Wesfarmers is known as a diversified organisation as it generates income from a host of different businesses, but food and alcohol form the backbone of the group. This was made clear in the yearly results, which showed clear winners and losers among the group’s businesses.
Coles was a star performer for Wesfarmers, with earnings before interest and tax rising more than 16% for the year to $1.3 billion.
Ian McLeod, managing director of Coles, pointed to the supermarket’s move to lower prices, which he said was set to continue with Coles’ “down, down” campaign.
He also noted Coles’ category innovation, with more than 1,000 new brands introduced over the past year and Coles’ clothing line, Mix clothes, now stocked in at least 67 Coles stores.
Coles has also driven profits through the revamp of its FlyBuys loyalty program, which has more than seven million cardholders.
However, McLeod said Coles Liquor had a disappointing performance in 2012 due to increased competition from “big box” alcohol stores.
Bunnings delivered earnings before tax of $841 million, which was ahead of estimates with an increase of almost 5%.
Tom Piotrowski, market analyst at CommSec, said Bunnings’ strong performance defied the tough conditions in the building and renovation sectors and was ahead of estimates.
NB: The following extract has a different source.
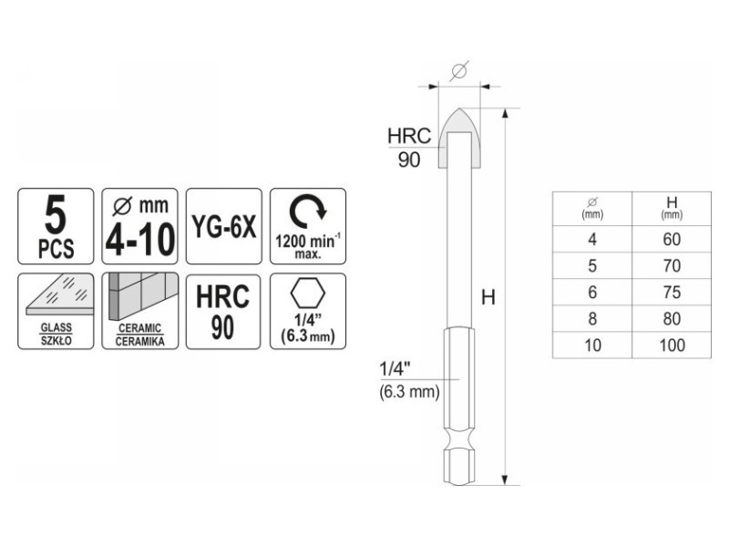 - Fúrófejek: 4, 5, 6, 8, 10 MM

“Bunnings is an area the market has been treating with some caution. We hear a lot about light demand for credit in all forms and the fact that the building and renovation market is still experiencing degrees of headwinds,” he said.
The home improvements chain opened 16 new stores and reported “strong investment” in its property pipeline and existing stores.
Discount department store Kmart continued to perform well ahead of expectations, with earnings before tax of $266 million.